Recorded information:
- Opening Delimiter -
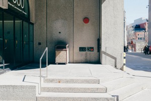 This photograph captures a stark urban scene, highlighting a lone trash can against a textured concrete wall. The soft sunlight creates a calm yet desolate mood, emphasizing the emptiness of the space. A few muted colors and shadows add depth, inviting contemplation of the often overlooked details of city life.
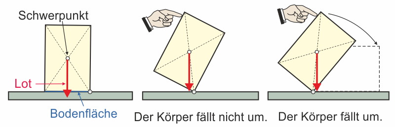 er aber um. Das Lot zeigt uns, wann das passiert. Der Körper fällt um, sobald das im Schwerpunkt angebrachte Lot auf eine Stelle außerhalb der Bodenfläche des Körpers zeigt.
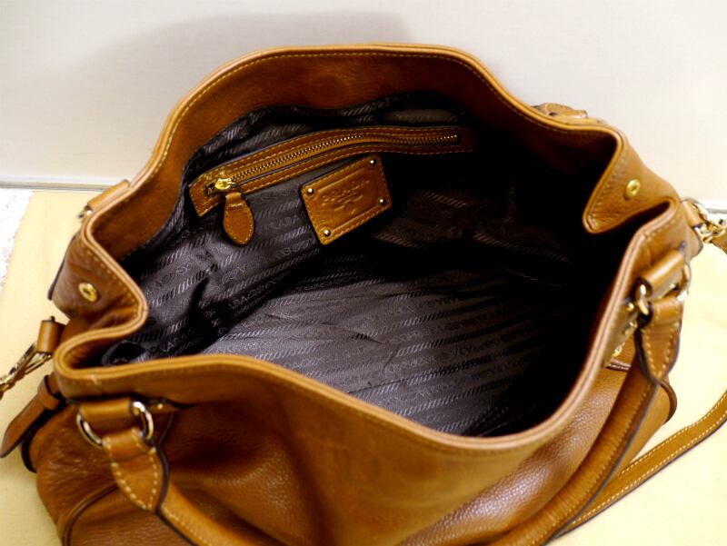 レア◆PRADA プラダ A4対応ビジネス可 チャームデザイン ハンドショルダー2way レザー トート バッグ 茶◆ 通勤通学にも大活躍の2wayモデル
- Closing Delimiter -
Problem to work on: The data above is to be printed exactly, all of it, except for the pictures.

Result below:
 This photograph captures a stark urban scene, highlighting a lone trash can against a textured concrete wall. The soft sunlight creates a calm yet desolate mood, emphasizing the emptiness of the space. A few muted colors and shadows add depth, inviting contemplation of the often overlooked details of city life.
 er aber um. Das Lot zeigt uns, wann das passiert. Der Körper fällt um, sobald das im Schwerpunkt angebrachte Lot auf eine Stelle außerhalb der Bodenfläche des Körpers zeigt.
 レア◆PRADA プラダ A4対応ビジネス可 チャームデザイン ハンドショルダー2way レザー トート バッグ 茶◆ 通勤通学にも大活躍の2wayモデル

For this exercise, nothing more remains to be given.